START DATA EXCERPTS
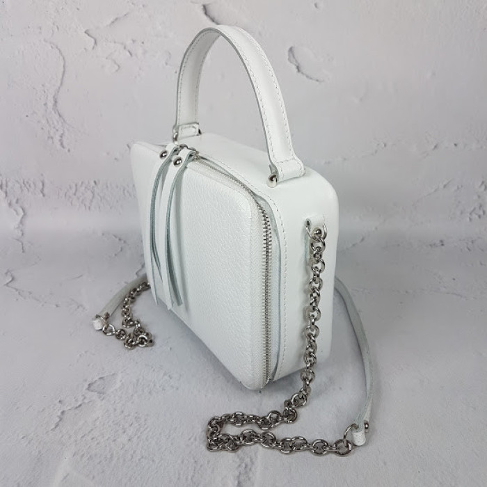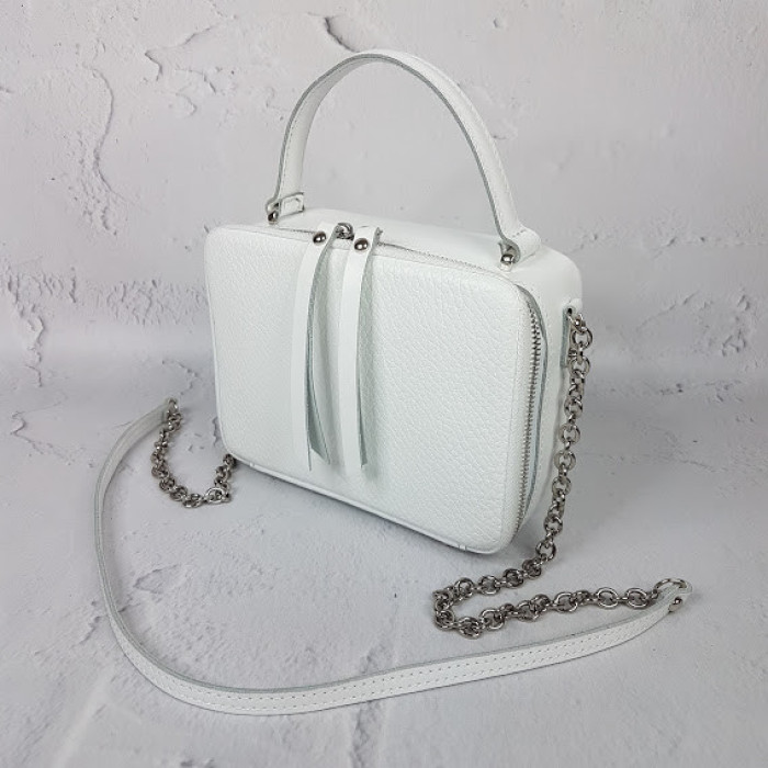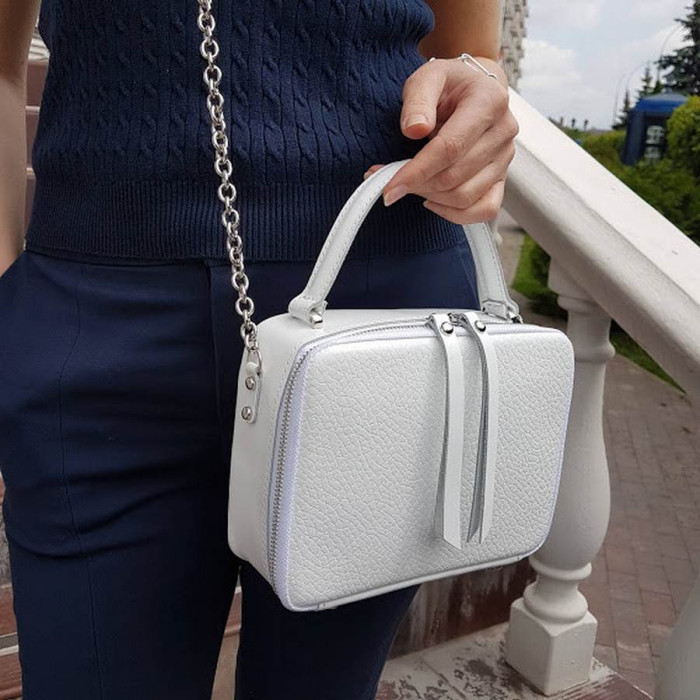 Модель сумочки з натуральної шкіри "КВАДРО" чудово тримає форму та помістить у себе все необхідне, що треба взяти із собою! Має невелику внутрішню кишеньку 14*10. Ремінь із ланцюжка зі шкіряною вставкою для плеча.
END DATA EXCERPTS
START DATA EXCERPTS
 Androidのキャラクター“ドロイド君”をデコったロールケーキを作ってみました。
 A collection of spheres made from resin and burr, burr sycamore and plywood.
END DATA EXCERPTS
START DATA EXCERPTS
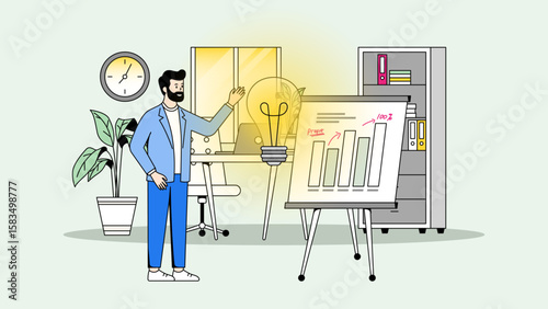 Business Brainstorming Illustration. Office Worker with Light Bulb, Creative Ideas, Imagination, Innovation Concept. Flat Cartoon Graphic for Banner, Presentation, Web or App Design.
END DATA EXCERPTS
- WHAT IS NEEDED
Reproduce only the lines above, starting at the line with "Androidのキャラクター" and ending at the line with "A collection of", exactly as written.

- ANSWER SECTION
 Androidのキャラクター“ドロイド君”をデコったロールケーキを作ってみました。
 A collection of spheres made from resin and burr, burr sycamore and plywood.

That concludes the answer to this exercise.